The current assignments included interventions for patients with various diagnoses, including stroke.
“… the toughest change now is that……the stroke team’s assignment was expanded to a neuroteam, including other diagnoses in addition to stroke only.”
In all units, the evaluations at unit level were focused on health care production (e.g. number of patients and types of visits) rather than outcomes in terms of patients’ functioning and disability.
“And the number of visits, the number of follow-ups… so now we are working on reporting once a month. To be able to follow up on how much health care we provide.”
“…nothing standardized exists regarding that we do a good job.
Evaluation of patient outcomes was made on an individual level by the staff, after the rehabilitation intervention.
“We do follow-ups in the sense that… when you treat a patient you set a goal together with the patient. And then, you do an intervention that you agree on, together with the patient. And then, you perform the intervention that you agreed on and then, do the follow-up.”
No standardized procedures were used for evaluation of patient outcome.

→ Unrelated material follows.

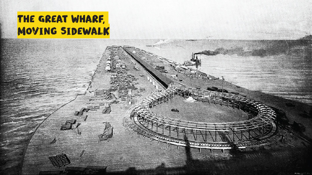 In 1871, inventor Alfred Speer dreamed of a world where the walking was done for you. His vision included sidewalks that had not one, but three moving walkways. Each walkway would move at a different speed. If you wanted to enjoy the weather, you could glide along at a comfortable 3 miles per hour on the slowest walkway. If you were in a hurry, you’d obviously go for the fastest walkway. The walkways would have benches every so often so you could rest your poor feet that were exhausted from, you know, walking so much. And if you’re already transforming the street so radically, why not go crazy and add a train? Well, that’s exactly what Speer did. By 1874, Speer’s imagination had gone wild and he wanted to enclose moving “parlor cars” alongside the walkways, where women could sit and schmooze, and men could sit and smoke cigars.

“Well,….how we…sort of see that we really have a result. And this is where we sense that we don’t have a good, not yet, set, what we should use, really. So, it is a bit arbitrary.”
The front-line managers described themselves as being responsible for creating conditions that would facilitate change in their units, either through their interaction with staff or by appointing a facilitator from among the staff.
“Well, really, …it’s my job, I would say. Changes, improvements, are what I do at work.”
“…we do everything together with the staff to… I mean, they have the knowledge of how everything works.”
“And try to allocate different areas of responsibility, so that everybody has something. Sometimes I pick a few, when I sense that the others are not able.”
The managers described various ways of staying informed about new scientific evidence available at the units. The staff was considered to be responsible for keeping themselves up-to-date.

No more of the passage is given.